I was deeply saddened by Stanley Zarowin’s review of When the Rain Returns: Toward Justice and Reconciliation in Palestine and Israel (FJ Nov. 2004). The volume was written by a group of 14 experienced peacemakers, mostly Quaker (but also Jewish, Muslim, and Mennonite), many with decades of experience working on the issue of Israeli-Palestinian relations. Among the participants were a black woman from South Africa who lived under apartheid, as well a person active in the U.S. civil rights movement, individuals who have spent significant amounts of time living and working in Israel and Palestine, and others with backgrounds in mediation and conflict resolution.
The group traveled together in 2002, and listened carefully and empathetically to individuals from a variety of perspectives. The work was guided by principles clearly stated (but not mentioned by the reviewer), such as the belief that "all persons are of equal humanity," that "only mutual respect can lead to long-term security," and that "creative nonviolent ways [do exist] that [can] allow the parties to this conflict to work together to bring about a fair, stable, and hope-filled outcome."
Whether or not one agrees with their conclusions, the authors are far from "naive," as Stanley Zarowin describes the book’s overall tone and its sentiments in support of Jewish-Palestinian reconciliation. Instead, the authors took seriously the Quaker call to work for both peace and justice, rather than resigning themselves to the idea that this is an impossible goal. If the book appears "uneven" in its discussion of the horrors committed by both Israelis and Palestinians, this simply reflects the reality on the ground: While all parties have engaged in unacceptable brutality, an occupying power (in this case, Israel) is clearly in the dominant position and able to engage not only in acts of state-sanctioned aggression, but also of structural violence. This is not a situation of parity between two equal parties.

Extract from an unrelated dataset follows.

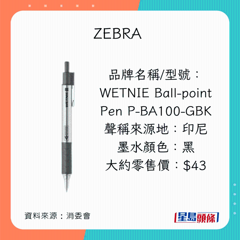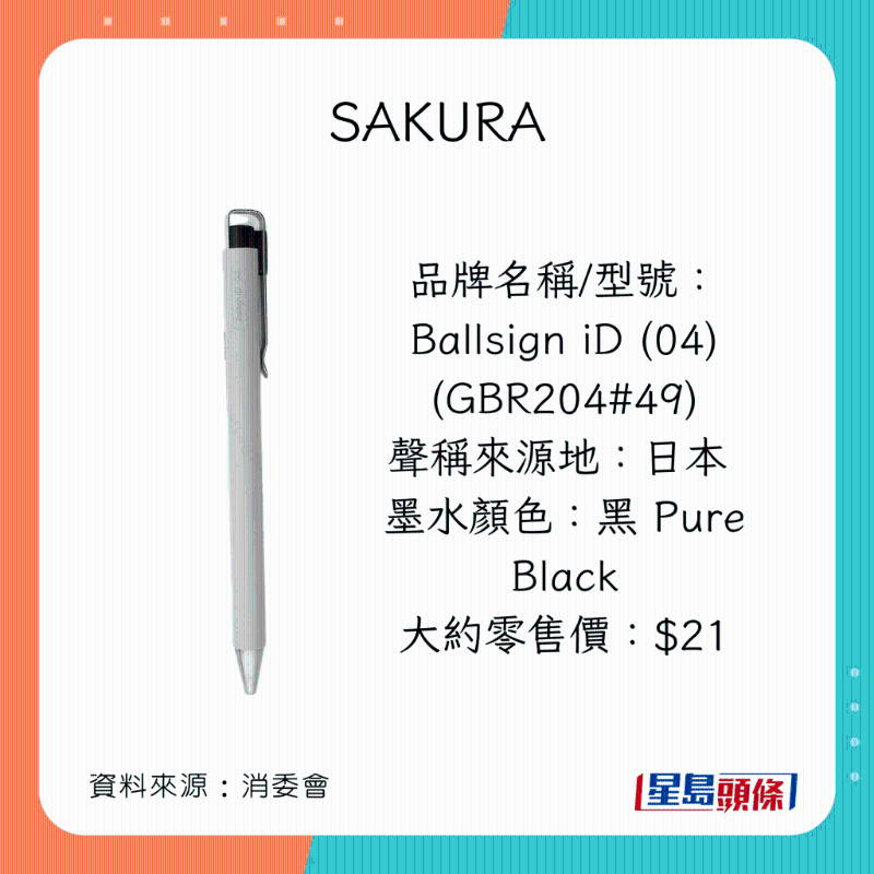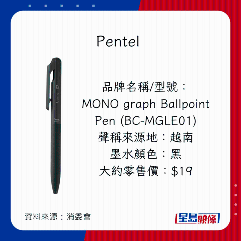 消委會(huì)早前調(diào)查市面上40款,價(jià)格由$2.4至$86不等的原子筆啫喱筆,包括18款原子筆(ballpoint pens,又稱油墨圓珠筆),以及22款啫喱筆(gel ink pens,又稱中性墨水圓珠筆)。墨水顏色方面,22款為黑色;15款為藍(lán)色;以及3款為藍(lán)黑色。35款屬按壓式型號(hào);余下5款則為揭蓋式型號(hào)。

There are several factual errors in the review, but rather than enumerating these, I am compelled to address one set in particular, because they involve an appendix I wrote, which Stanley Zarowin praised as "balanced and accurate." While I hate to seem churlish when being given a compliment, his description of my historical discussion (and, implicitly, the Palestine-Israel Timeline for which I also bear primary responsibility) unfortunately makes several implications that are quite different than what I actually wrote. For instance, there was not widespread agreement in the world community about the creation of the state of Israel in its 1947 form; in fact there was great controversy between that model and a second approach that would have led to a single federal state with significant autonomy in Jewish and Christian/Muslim areas. It was only after the United States put significant pressure on a number of countries that United Nations Resolution 181 (the partition resolution) passed.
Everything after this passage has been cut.